| What the exercise asks |
Output only the lines below from the one holding "Heart Net Suspender" down to the one holding "为进一步加强学风建设,营造浓", both end lines included and every picture dropped.

| The data |
= = = = = = =

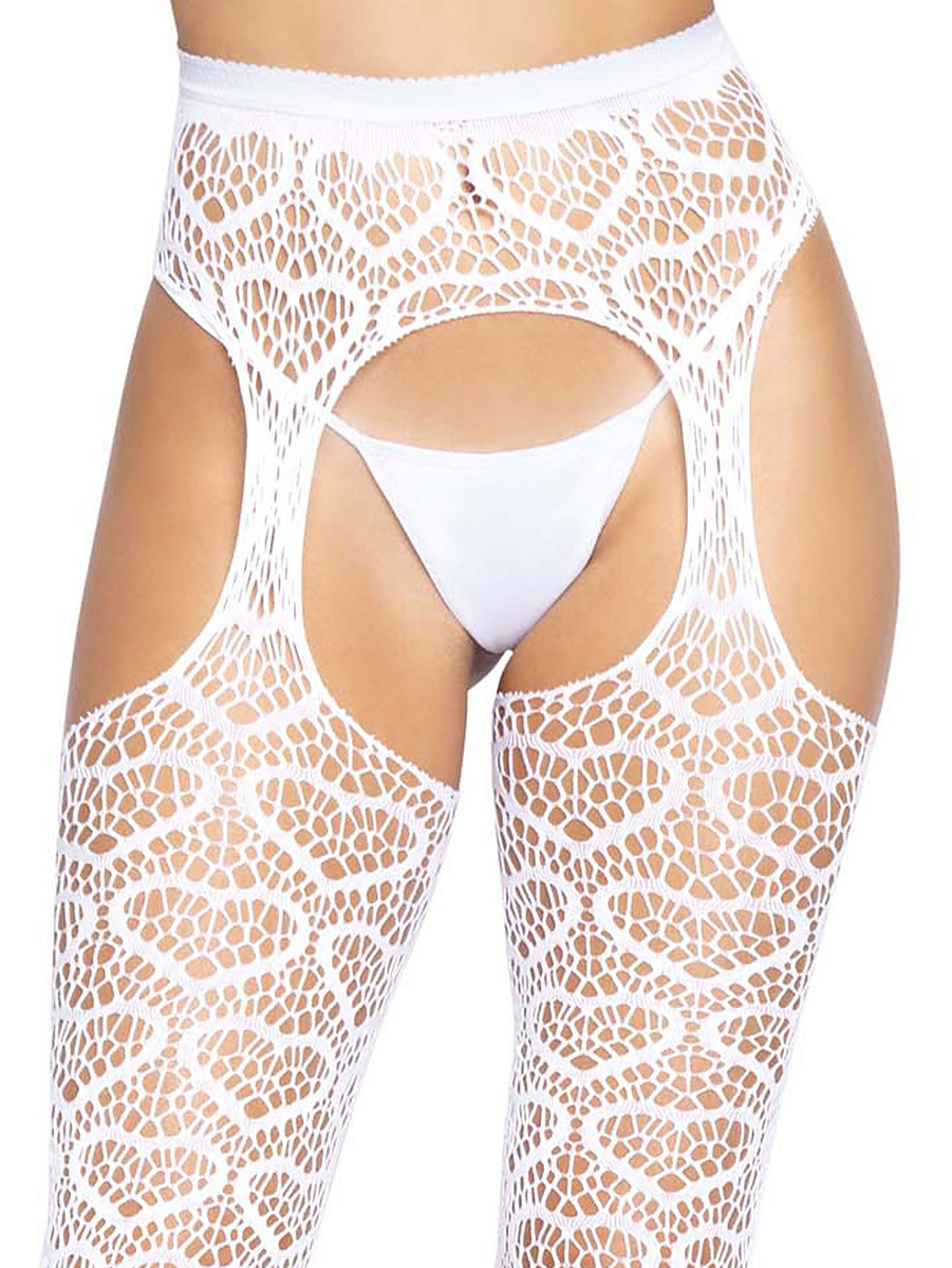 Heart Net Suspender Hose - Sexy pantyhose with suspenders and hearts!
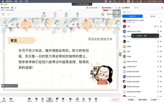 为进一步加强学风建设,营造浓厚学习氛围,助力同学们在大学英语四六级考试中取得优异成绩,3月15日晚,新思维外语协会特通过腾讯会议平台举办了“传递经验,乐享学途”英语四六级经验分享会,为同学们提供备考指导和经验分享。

= = = = = = =

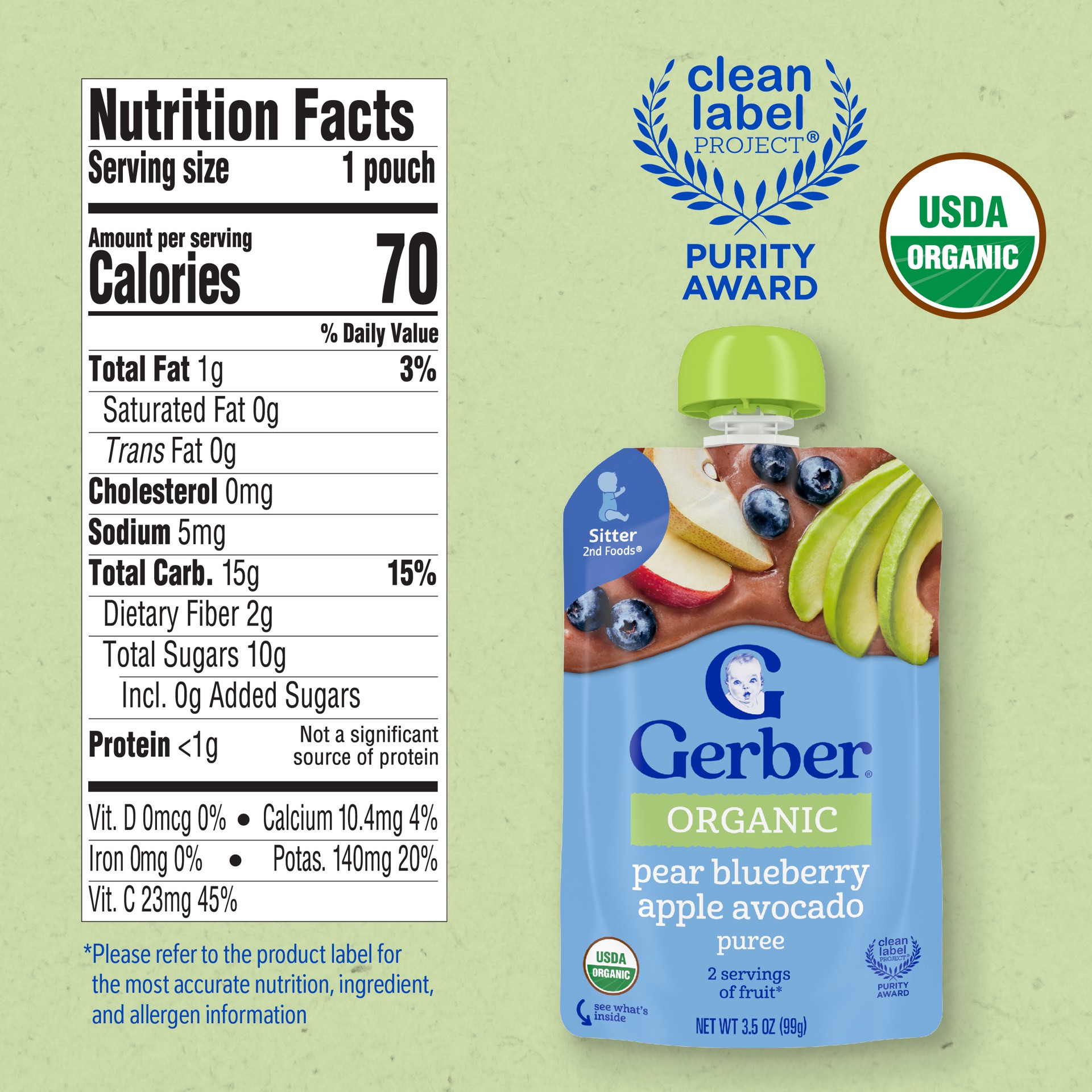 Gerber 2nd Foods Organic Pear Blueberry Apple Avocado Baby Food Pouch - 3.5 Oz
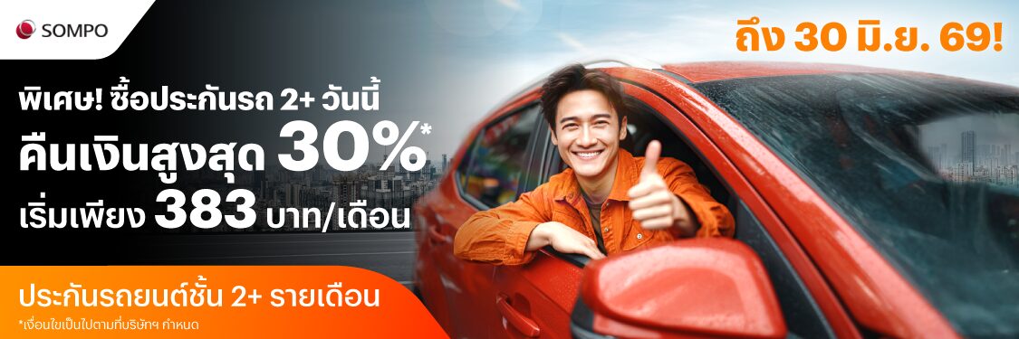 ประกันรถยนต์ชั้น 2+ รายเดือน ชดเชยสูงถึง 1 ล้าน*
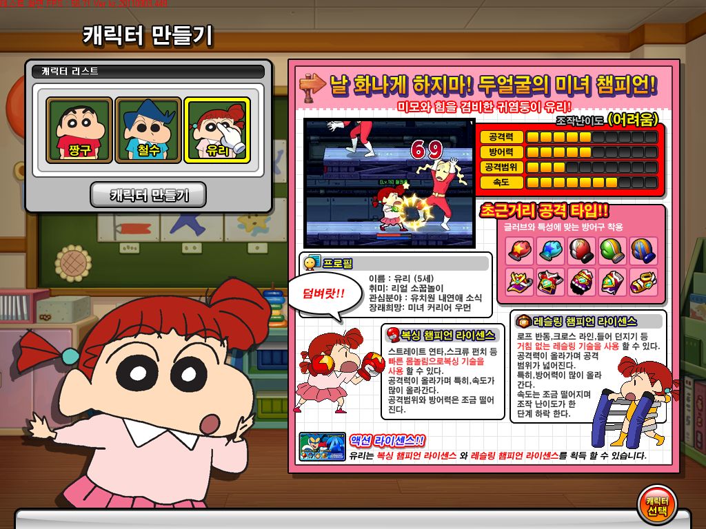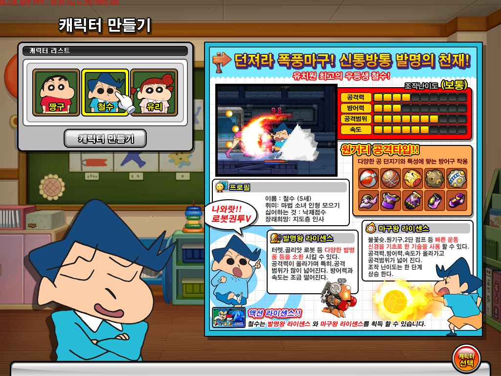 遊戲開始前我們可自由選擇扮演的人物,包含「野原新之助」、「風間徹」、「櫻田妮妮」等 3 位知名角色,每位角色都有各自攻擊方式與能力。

= = = = = = =

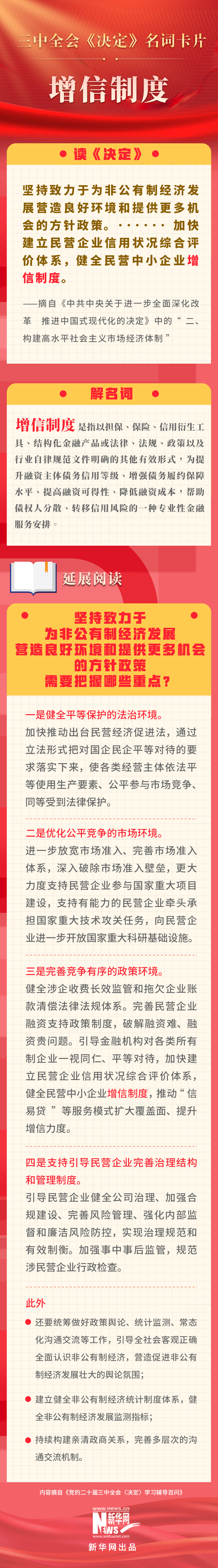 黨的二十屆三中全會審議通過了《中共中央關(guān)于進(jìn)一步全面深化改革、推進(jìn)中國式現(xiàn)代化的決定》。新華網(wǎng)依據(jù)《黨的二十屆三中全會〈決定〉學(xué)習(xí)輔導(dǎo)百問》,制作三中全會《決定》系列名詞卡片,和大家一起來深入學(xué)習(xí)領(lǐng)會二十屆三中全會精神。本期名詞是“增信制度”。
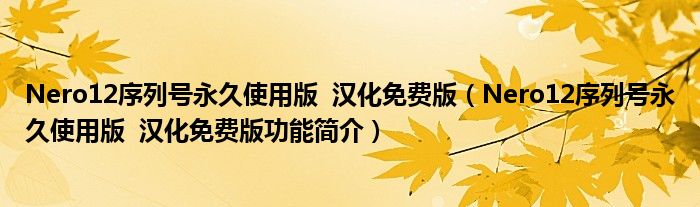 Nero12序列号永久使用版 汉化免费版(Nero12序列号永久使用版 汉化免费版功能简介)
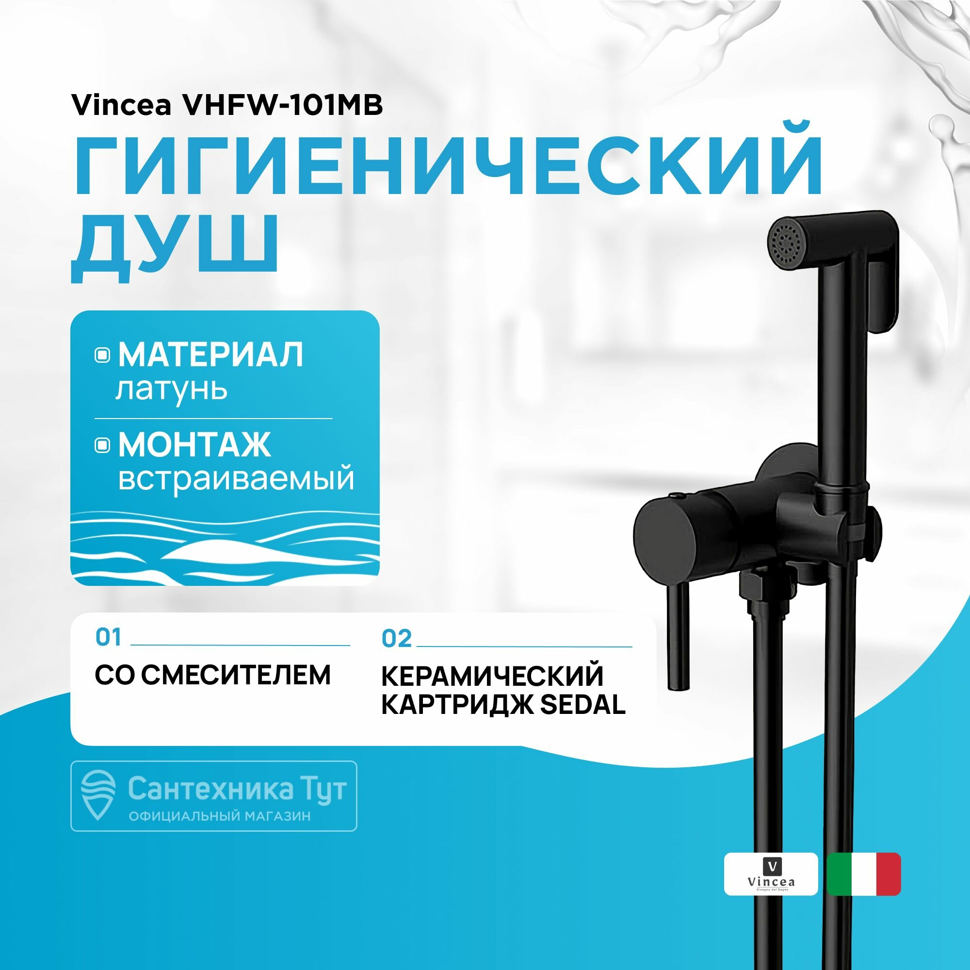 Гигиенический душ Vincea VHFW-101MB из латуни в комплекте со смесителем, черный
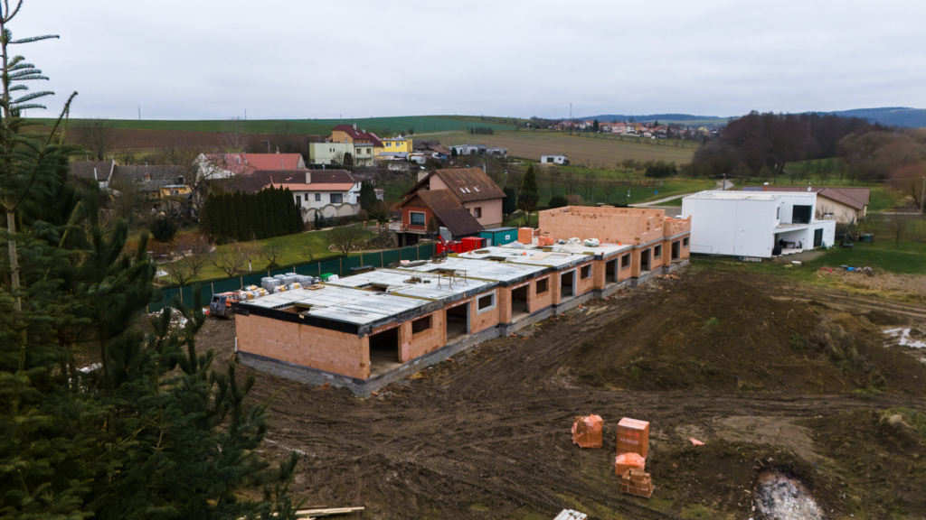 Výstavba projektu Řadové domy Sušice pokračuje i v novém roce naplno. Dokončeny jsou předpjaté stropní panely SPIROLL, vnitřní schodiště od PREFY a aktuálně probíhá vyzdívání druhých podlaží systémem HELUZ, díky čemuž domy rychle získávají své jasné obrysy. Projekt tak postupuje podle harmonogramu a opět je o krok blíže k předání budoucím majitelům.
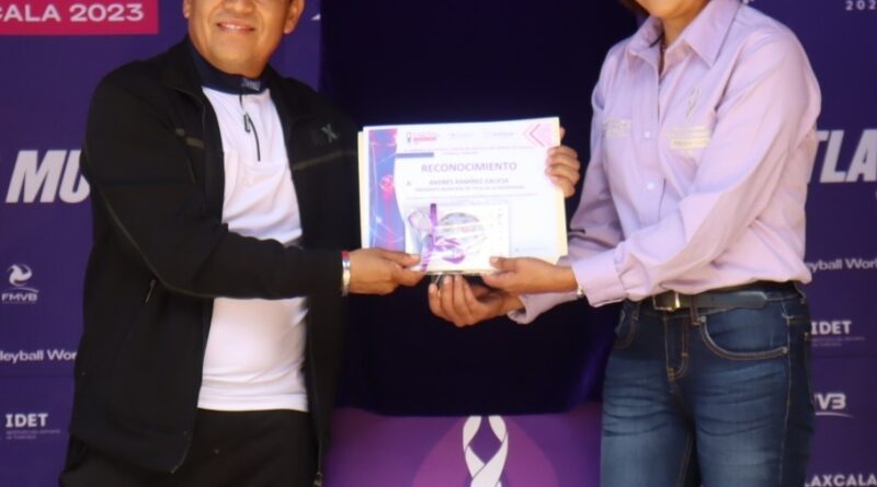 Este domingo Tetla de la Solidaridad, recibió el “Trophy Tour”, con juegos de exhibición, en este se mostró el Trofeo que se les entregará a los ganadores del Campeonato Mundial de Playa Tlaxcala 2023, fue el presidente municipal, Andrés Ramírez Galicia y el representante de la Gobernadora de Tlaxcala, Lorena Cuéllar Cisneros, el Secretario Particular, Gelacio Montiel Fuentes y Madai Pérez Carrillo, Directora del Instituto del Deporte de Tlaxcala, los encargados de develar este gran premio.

= = = = = = =

| Written solution |
 Heart Net Suspender Hose - Sexy pantyhose with suspenders and hearts!
 为进一步加强学风建设,营造浓厚学习氛围,助力同学们在大学英语四六级考试中取得优异成绩,3月15日晚,新思维外语协会特通过腾讯会议平台举办了“传递经验,乐享学途”英语四六级经验分享会,为同学们提供备考指导和经验分享。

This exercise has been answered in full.